Task details:
The data below holds the lines to copy: everything from the line containing "For example, Let's" to the line containing "Keywords: loom arm", both ends included, set down exactly.

Data extract:
----------------------------------------

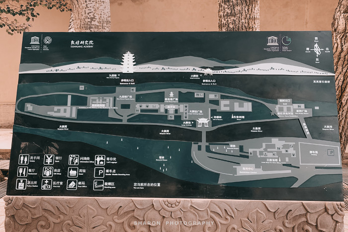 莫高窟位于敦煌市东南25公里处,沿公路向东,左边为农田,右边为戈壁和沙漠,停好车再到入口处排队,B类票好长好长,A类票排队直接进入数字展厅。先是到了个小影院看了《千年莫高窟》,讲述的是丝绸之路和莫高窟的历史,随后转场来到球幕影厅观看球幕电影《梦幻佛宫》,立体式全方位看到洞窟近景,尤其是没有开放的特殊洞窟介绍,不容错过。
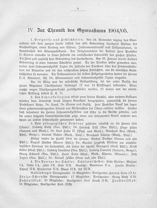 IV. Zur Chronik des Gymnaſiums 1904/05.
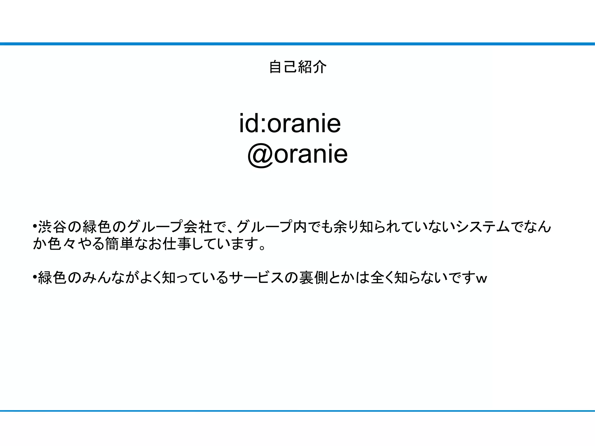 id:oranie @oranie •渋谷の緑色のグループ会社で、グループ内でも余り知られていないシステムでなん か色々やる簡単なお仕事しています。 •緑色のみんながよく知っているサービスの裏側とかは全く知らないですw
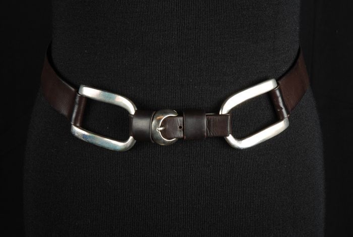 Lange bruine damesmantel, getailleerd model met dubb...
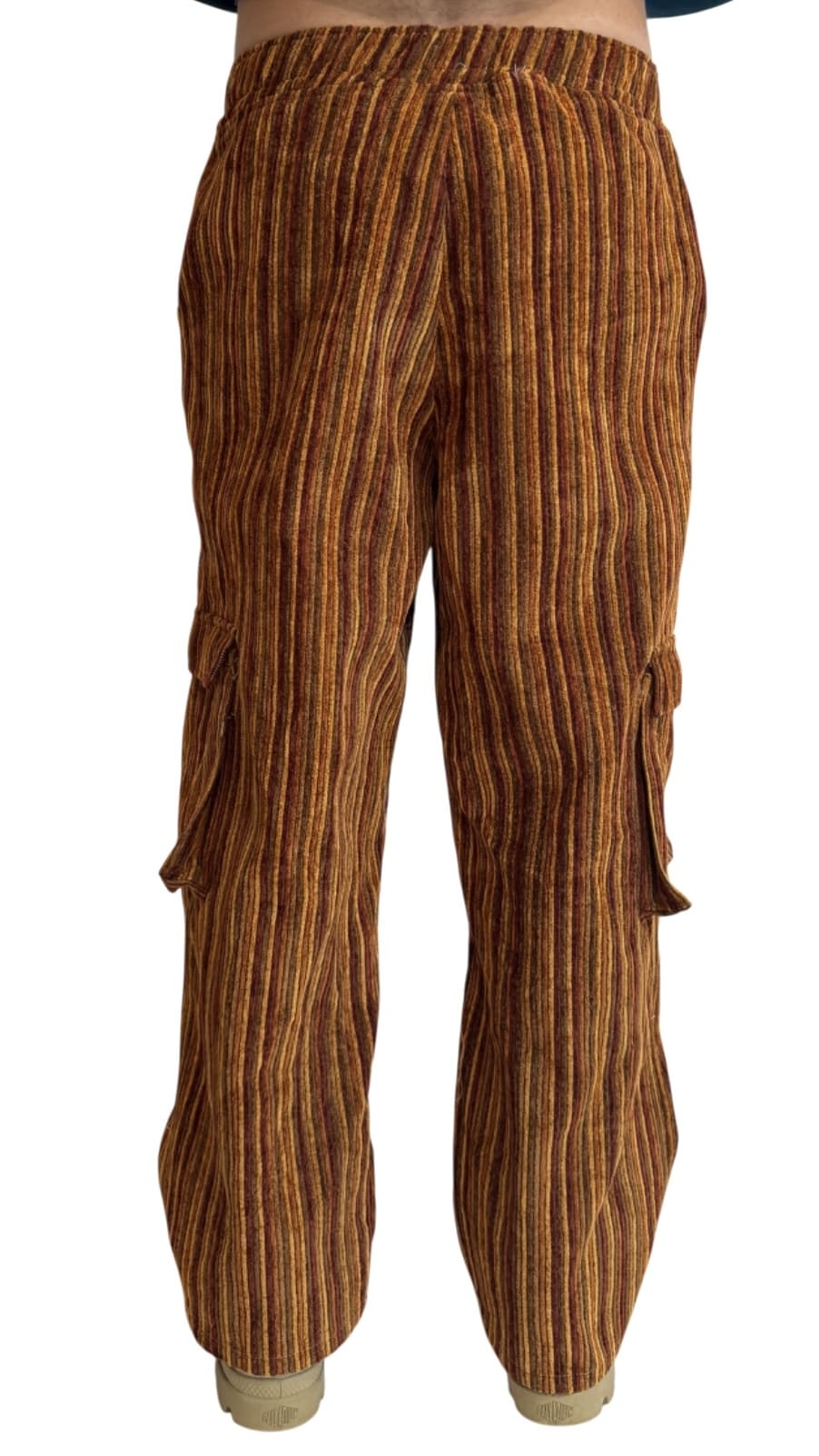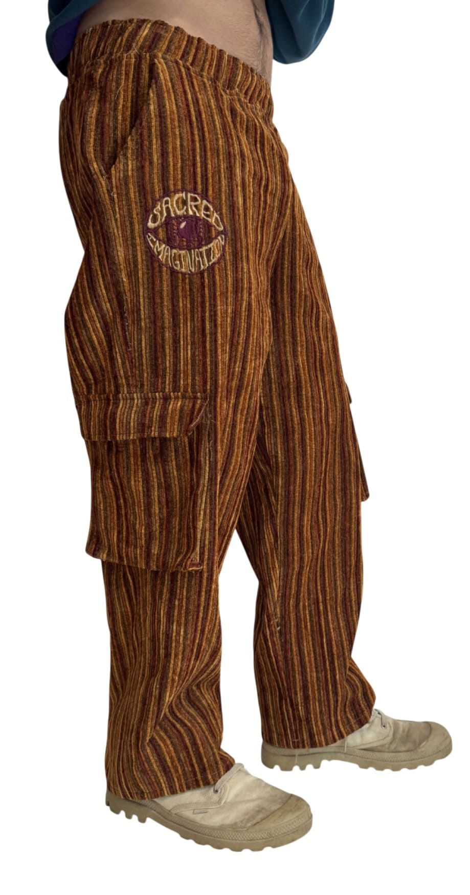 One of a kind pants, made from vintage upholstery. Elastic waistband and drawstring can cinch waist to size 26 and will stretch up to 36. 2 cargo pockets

----------------------------------------

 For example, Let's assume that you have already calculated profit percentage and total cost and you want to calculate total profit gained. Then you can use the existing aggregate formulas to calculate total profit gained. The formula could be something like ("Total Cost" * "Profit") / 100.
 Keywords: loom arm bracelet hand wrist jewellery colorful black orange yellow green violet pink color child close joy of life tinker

----------------------------------------

Response:
 For example, Let's assume that you have already calculated profit percentage and total cost and you want to calculate total profit gained. Then you can use the existing aggregate formulas to calculate total profit gained. The formula could be something like ("Total Cost" * "Profit") / 100.
 Keywords: loom arm bracelet hand wrist jewellery colorful black orange yellow green violet pink color child close joy of life tinker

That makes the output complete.